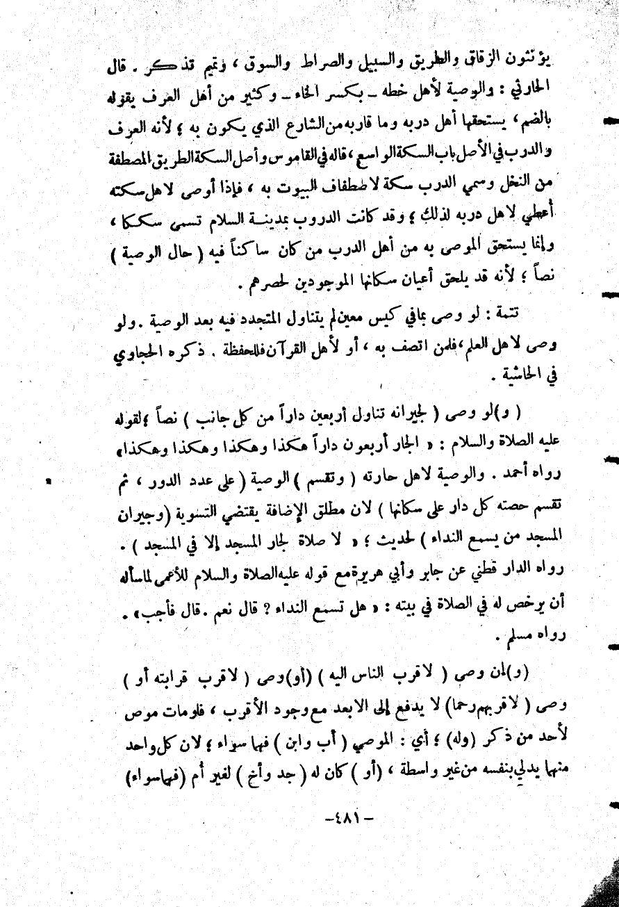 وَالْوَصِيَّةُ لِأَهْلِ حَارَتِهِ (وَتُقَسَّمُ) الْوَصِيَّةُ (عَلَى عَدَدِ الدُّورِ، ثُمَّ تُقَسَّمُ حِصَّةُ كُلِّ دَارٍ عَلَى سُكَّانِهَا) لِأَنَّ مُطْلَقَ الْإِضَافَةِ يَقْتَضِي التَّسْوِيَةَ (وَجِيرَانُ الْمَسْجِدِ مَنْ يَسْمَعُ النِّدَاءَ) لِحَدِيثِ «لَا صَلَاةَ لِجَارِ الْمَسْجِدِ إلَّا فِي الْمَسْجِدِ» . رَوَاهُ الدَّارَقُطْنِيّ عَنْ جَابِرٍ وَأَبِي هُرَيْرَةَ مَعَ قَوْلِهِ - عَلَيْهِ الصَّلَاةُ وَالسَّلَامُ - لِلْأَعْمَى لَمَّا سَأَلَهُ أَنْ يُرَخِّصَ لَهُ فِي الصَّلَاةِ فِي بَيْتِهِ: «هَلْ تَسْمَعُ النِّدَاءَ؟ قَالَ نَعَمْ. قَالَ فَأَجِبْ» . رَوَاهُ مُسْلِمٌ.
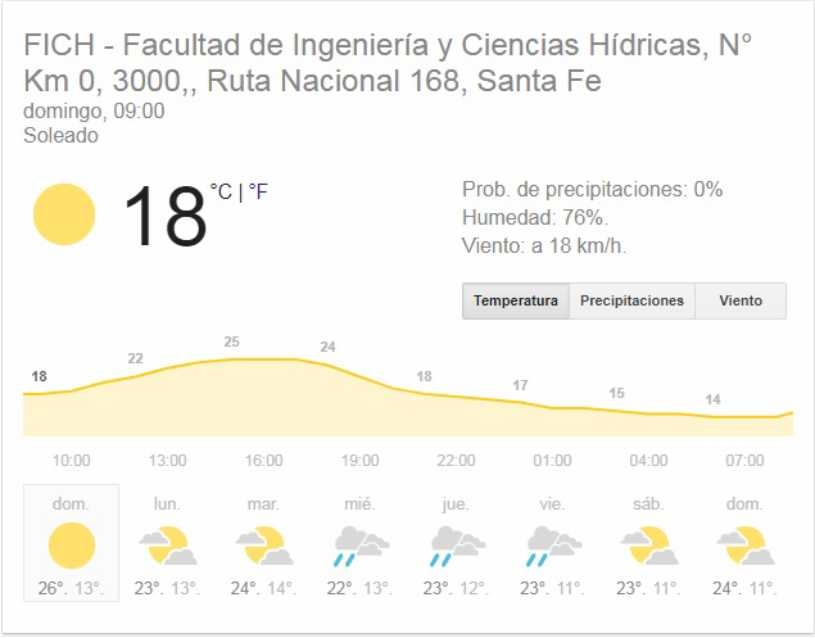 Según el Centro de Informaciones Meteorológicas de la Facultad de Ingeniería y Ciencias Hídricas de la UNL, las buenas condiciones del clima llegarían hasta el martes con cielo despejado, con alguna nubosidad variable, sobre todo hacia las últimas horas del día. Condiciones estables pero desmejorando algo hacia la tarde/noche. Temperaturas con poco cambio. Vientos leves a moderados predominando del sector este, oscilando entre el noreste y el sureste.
--
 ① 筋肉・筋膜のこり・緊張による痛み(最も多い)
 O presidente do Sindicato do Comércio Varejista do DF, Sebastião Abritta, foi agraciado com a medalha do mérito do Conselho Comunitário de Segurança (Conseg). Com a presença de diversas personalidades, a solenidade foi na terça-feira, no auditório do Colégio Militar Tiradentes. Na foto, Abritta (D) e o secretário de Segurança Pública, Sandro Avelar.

** Exercise prompt **
Out of the data above, transcribe exactly and only the lines starting with the line that has "① 筋肉・筋膜のこり・緊張による痛み(最も多い)" and going on through the line that has "O presidente do", both included.

** Written response **
 ① 筋肉・筋膜のこり・緊張による痛み(最も多い)
 O presidente do Sindicato do Comércio Varejista do DF, Sebastião Abritta, foi agraciado com a medalha do mérito do Conselho Comunitário de Segurança (Conseg). Com a presença de diversas personalidades, a solenidade foi na terça-feira, no auditório do Colégio Militar Tiradentes. Na foto, Abritta (D) e o secretário de Segurança Pública, Sandro Avelar.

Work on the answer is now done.